### What needs to be done
Leave out every picture, then transcribe the rest of the listing exactly.

### Source material
======

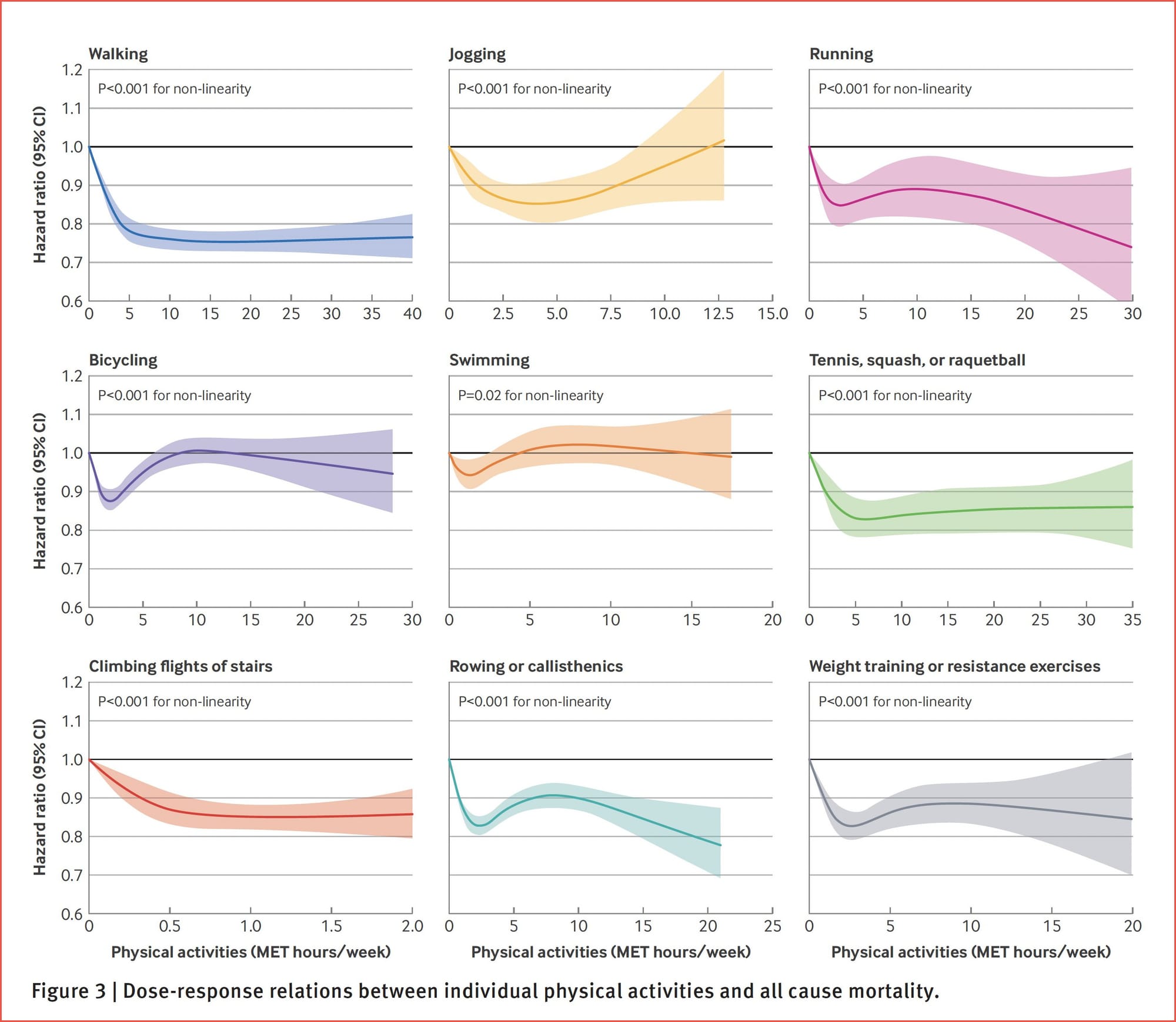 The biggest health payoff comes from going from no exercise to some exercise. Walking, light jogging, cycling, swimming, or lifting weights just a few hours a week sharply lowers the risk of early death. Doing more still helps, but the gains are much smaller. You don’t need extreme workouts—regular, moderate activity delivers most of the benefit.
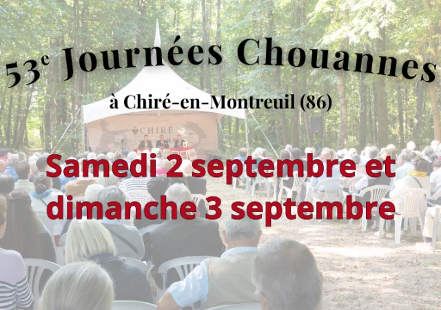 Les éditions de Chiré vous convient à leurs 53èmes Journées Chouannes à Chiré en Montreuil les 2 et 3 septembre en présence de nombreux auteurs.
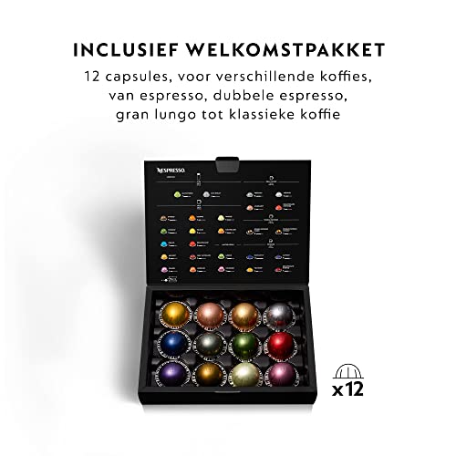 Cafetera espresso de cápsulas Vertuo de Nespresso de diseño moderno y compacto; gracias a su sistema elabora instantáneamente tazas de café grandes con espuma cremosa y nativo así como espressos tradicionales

======

### Exercise answer
 The biggest health payoff comes from going from no exercise to some exercise. Walking, light jogging, cycling, swimming, or lifting weights just a few hours a week sharply lowers the risk of early death. Doing more still helps, but the gains are much smaller. You don’t need extreme workouts—regular, moderate activity delivers most of the benefit.
 Les éditions de Chiré vous convient à leurs 53èmes Journées Chouannes à Chiré en Montreuil les 2 et 3 septembre en présence de nombreux auteurs.
 Cafetera espresso de cápsulas Vertuo de Nespresso de diseño moderno y compacto; gracias a su sistema elabora instantáneamente tazas de café grandes con espuma cremosa y nativo así como espressos tradicionales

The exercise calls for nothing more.